French cuisine is, of course, both admired and distrusted around the world, mostly because of all that sauce. There’s something suspicious about it. Sauce spurs Francophilic foodies to wax on like wine lovers about concepts like balance and perfection, using words like dexterity and cadence and velvet. But the vocabulary of sauce, like the vocabulary of wine, can scare the pantalons off the rest of us, even as we lick our plates clean and ask for seconds.
AFBs, like Brasserie Felix at Tennyson Street and West 39th Avenue, are as American as they are French, hawking steaks and fries and grilled cheese sandwiches. Only here they’re called steak frites and croque monsieurs. The difference: sauce.
But sauce is tricky. The point of a sauce is to support a dish, not disguise it. To maintain the dignity and purpose of a sauce, restraint matters. And at AFBs like Brasserie Felix , it’s this point — restraint — which is under siege of late.
Case in point, the lunchtime croque monsieur at Brasserie Felix . Who’d be able to tell exactly what it was as it arrived at the table, gasping for oxygen under its rich, puddinglike sauce? Who’d know how special the brioche was, or the country ham, under all that creamy, musty gruyere-bechamel smother?
Restraint was inevident. The sauce didn’t support the sandwich; it clobbered it.
Still, once I changed my mind, my meal was far from ruined.
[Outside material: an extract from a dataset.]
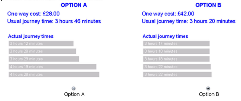
Fig. 2 Time versus cost versus reliability experiment (SP2) for car

Imagine that on five occasions that you make the car journey departing at the same time and on the same day of the week , the actual travel time varies for the reasons suggested previously. We want you to think about that car journey and look at the two options below, each of which show five possible travel times that could arise.

After reducing by half the hot, salty pile of skinny little fries (the best kind), I devoured the whole messy sandwich with fork and knife — and spoon, used to scour every drizzle of sauce from the farthest reaches of my plate.
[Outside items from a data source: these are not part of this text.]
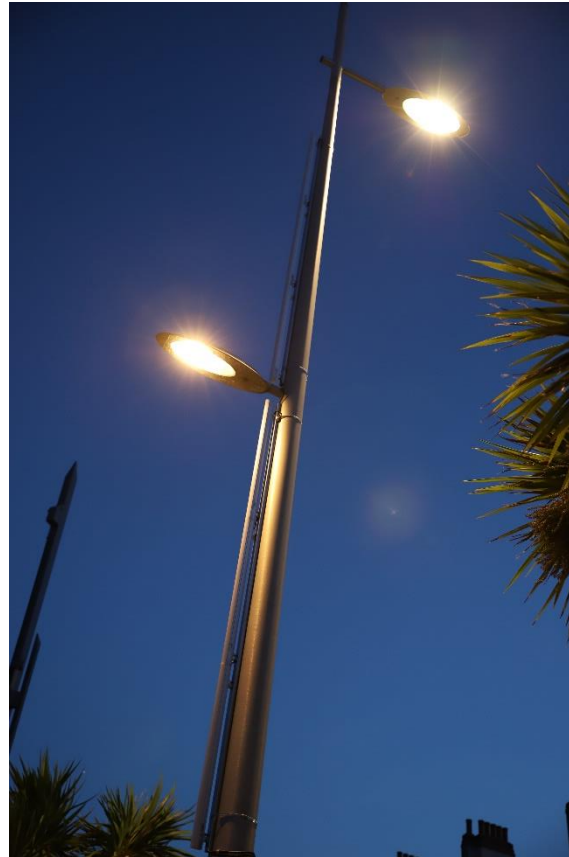
Figure 3. Temporary installation of the 5.6 metre example lighting at dusk.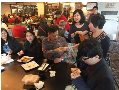
Moon Festival & Father's Day Celebration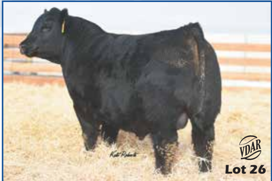
VDAR Showdown 4188

AAA CE BW WW YW M 19085034 2 +1.8 53 95 24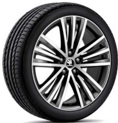
SIRIUS 3VO 071 499B HA7 light-alloy wheel 8.0J x 19" ET44 for 235/40 R19 tyre anthracite metallic brushed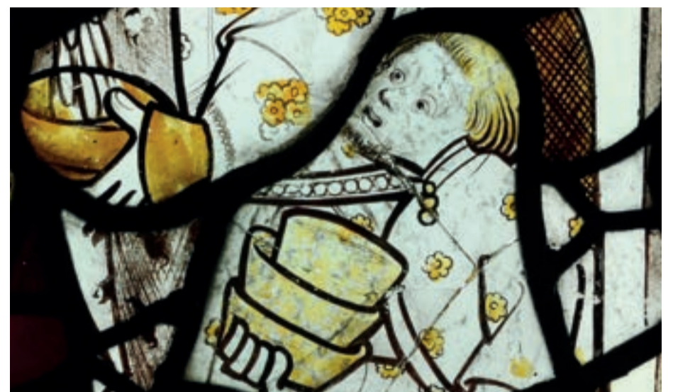
Details of the patterns in the clothing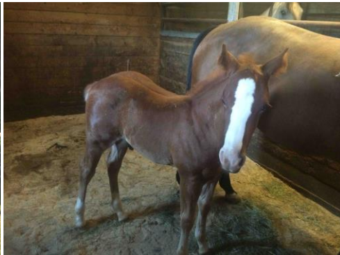
My cousin's horse in Albion, Maine

The sauce, if too abundant, was nonetheless delicious. Perhaps not dextrous or velvety, but sultry and soothing and not a drop was wasted.
The problem? This wasn’t the lunch I’d imagined when I ordered it. The rest of the sandwich had no chance to add to the moment. The potential of the yeasty, soft-crispiness of the toasted brioche, and the potential of the sweet smoky of the ham, each went unrealized.
And so goes the sauce, at Brasserie Felix, and other AFBs from New York to San Francisco. Where 10 years ago sauces in AFBs were sidekicks, they’ve become the main event.
There is hope in among all this sauce, but the onus is on you: You must manage your sauce quotient when you order. If your dinner is to be steak frites, ask for a light hand with the sauce, or even better, request that it arrive on the side. If your breakfast is to be eggs Benedict/norvigienne/florentine … call for sauce hollandaise on the side. Pan roasted Dover sole … dijon-caper sauce on the side. You get the idea.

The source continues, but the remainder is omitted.